Even worse, it can not cause a compilation error; imagine a situation in which someone makes a change just in the number of methods that are implicitly implemented, and those methods are not even methods that you call, but that change silently causes a sequence of turtles to become a sequence of giraffes.
Those scenarios are really, really bad. C# was carefully designed to prevent this kind of "brittle base class" failure.
Oh, but it gets worse. Suppose we did like this tiebreaker; could we even implement it reliably?
How can we even tell if a member is explicitly implemented? The metadata in the assembly has a table that lists what class members are explicitly mapped to what interface members, but is that a reliable reflection of what is in the C# source code?
No, it is not! There are situations in which the C# compiler must secretly generate explicitly implemented interfaces on your behalf in order to satisfy the verifier (describing them would be quite off topic). So you cannot actually tell very easily how many interface members the type's implementor decided to implement explicitly.
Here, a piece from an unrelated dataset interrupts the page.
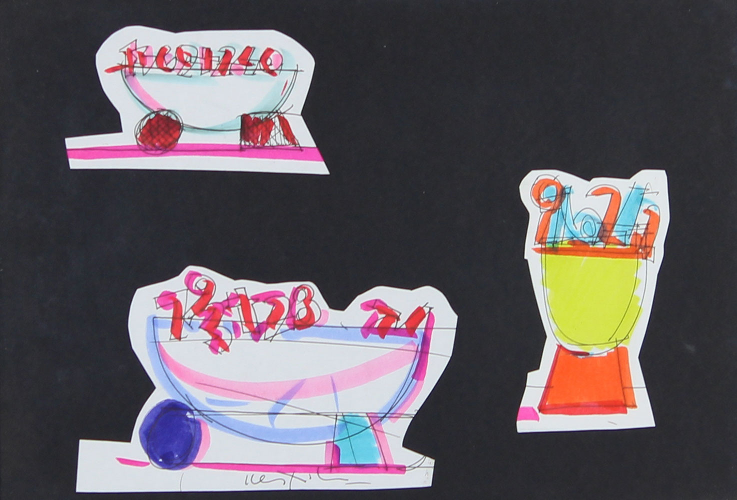 Nespolo Ugo Senza titolo collage di 3 disegni su carta, cm. 30x21 firmato in basso a sinistra su uno dei disegni

It gets worse still: suppose the class is not even implemented in C#? Some languages always fill in the explicit interface table, and in fact I think Visual Basic might be one of those languages. So your proposal is to make the type inference rules possibly different for classes authored in VB than an equivalent type authored in C#.
Try explaining that to someone who just ported a class from VB to C# to have an identical public interface, and now their tests stop compiling.
Or, consider it from the perspective of the person implementing class Ark. If that person wishes to express the intention "this type can be used as both a sequence of turtles and giraffes, but if there is an ambiguity, choose turtles". Do you believe that any developer who wished to express that belief would naturally and easily come to the conclusion that the way to do that is to make one of the interfaces more implicitly implemented than the other?
If that were the sort of thing that developers needed to be able to disambiguate, then there should be a well-designed, clear, discoverable feature with those semantics. Something like:
class Ark : default IEnumerable<Turtle>, IEnumerable<Giraffe> ...
for example. That is, the feature should be obvious and searchable, rather than emerging by accident from an unrelated decision about what the public surface area of the type should be.
In short: The number of interface members that are explicitly implemented is not a part of the .NET type system. It's a private implementation strategy decision, not a public surface that the compiler should use to make decisions.
Finally, I've left the most important reason for last. You said:
I am not looking on feedback whether designing a class this way is considered best practice.
But that is an extremely important factor! The rules of C# are not designed to make good decisions about crappy code; they're designed to make crappy code into broken code that does not compile, and that has happened. The system works!
Making a class that implements two different versions of the same generic interface is a terrible idea and you should not do it. Because you should not do it, there is no incentive for the C# compiler team to spend even a minute figuring out how to help you do it better. This code gives you an error message. That is good. It should! That error message is telling you you're doing it wrong, so stop doing it wrong and start doing it right. If it hurts when you do that, stop doing that!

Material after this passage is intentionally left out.